WHAT IS BEING ASKED. All the lines below should appear again unchanged, though their pictures should not.

--- PROVIDED MATERIAL Enclosed Below ---

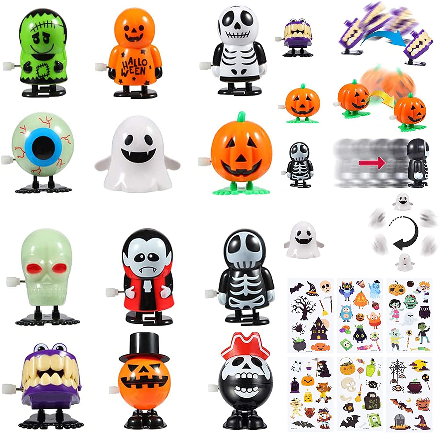 Halloween 12 Pcs Wind Up Toys and 6 Pack Temporary Tattoo Stickers, Assorted Goody Bag Filler, Clockwork Toys Supply for Holiday Party Favors, Birthday Gifts
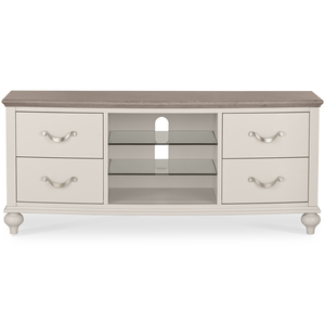With drama and sophistication in abundance, Montreux boasts beautiful form by way of serpentine framed tops, gently bow-fronted cabinet & classically styled turned legs. Bespoke handles, intricate oak marquetry tops and large roll back upholstered chairs all add to the uncompromising design detail which together with the combination of striking grey washed oak tops contrasting with soft grey pigment frames will ensure this range makes a striking statement in any home. Quality touches such as soft closing drawers for the cabinet and reciprocal extension runners for the dining tables epitomise the best of contemporary styling and everyday use.
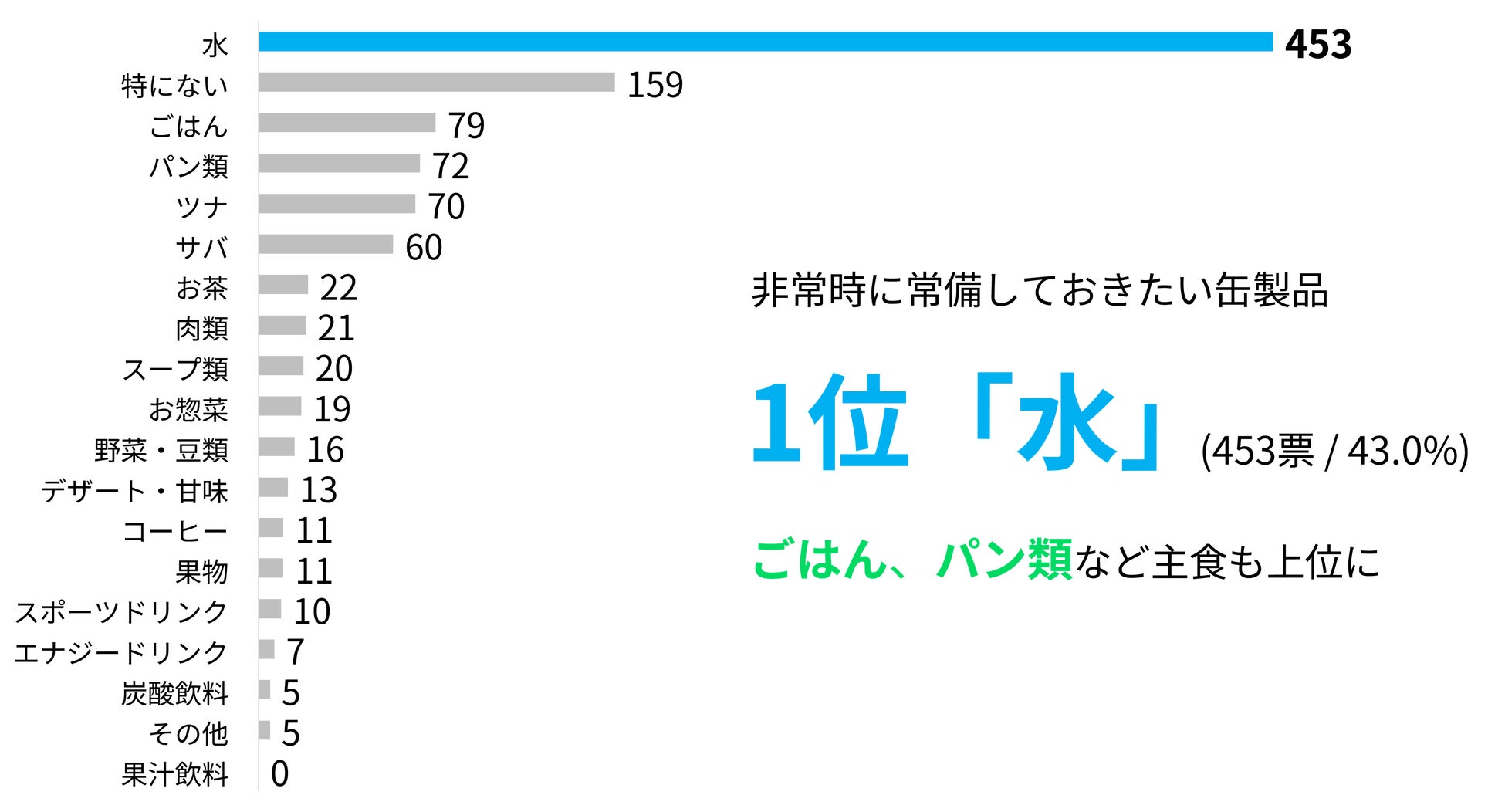 非常時に最も常備したい缶製品を聞いたところ、「水」と答えた人が全体の約半数の453票で1位となりました。その他「ご飯」や「パン類」など主食も上位に挙げられており、災害時の水不足や食料不足を考慮した缶詰製品が選ばれているようです。
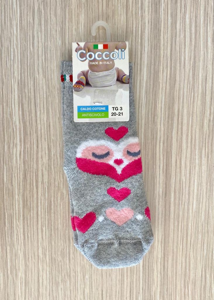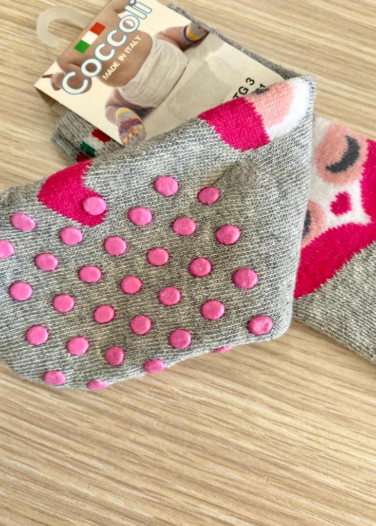 Calzino antiscivolo neonata/bambina in spugna di caldo cotone, di colore grigio e dettagli di vari colori.

--- End of Enclosed PROVIDED MATERIAL ---

RESPONSE BOX.
 Halloween 12 Pcs Wind Up Toys and 6 Pack Temporary Tattoo Stickers, Assorted Goody Bag Filler, Clockwork Toys Supply for Holiday Party Favors, Birthday Gifts
With drama and sophistication in abundance, Montreux boasts beautiful form by way of serpentine framed tops, gently bow-fronted cabinet & classically styled turned legs. Bespoke handles, intricate oak marquetry tops and large roll back upholstered chairs all add to the uncompromising design detail which together with the combination of striking grey washed oak tops contrasting with soft grey pigment frames will ensure this range makes a striking statement in any home. Quality touches such as soft closing drawers for the cabinet and reciprocal extension runners for the dining tables epitomise the best of contemporary styling and everyday use.
 非常時に最も常備したい缶製品を聞いたところ、「水」と答えた人が全体の約半数の453票で1位となりました。その他「ご飯」や「パン類」など主食も上位に挙げられており、災害時の水不足や食料不足を考慮した缶詰製品が選ばれているようです。
 Calzino antiscivolo neonata/bambina in spugna di caldo cotone, di colore grigio e dettagli di vari colori.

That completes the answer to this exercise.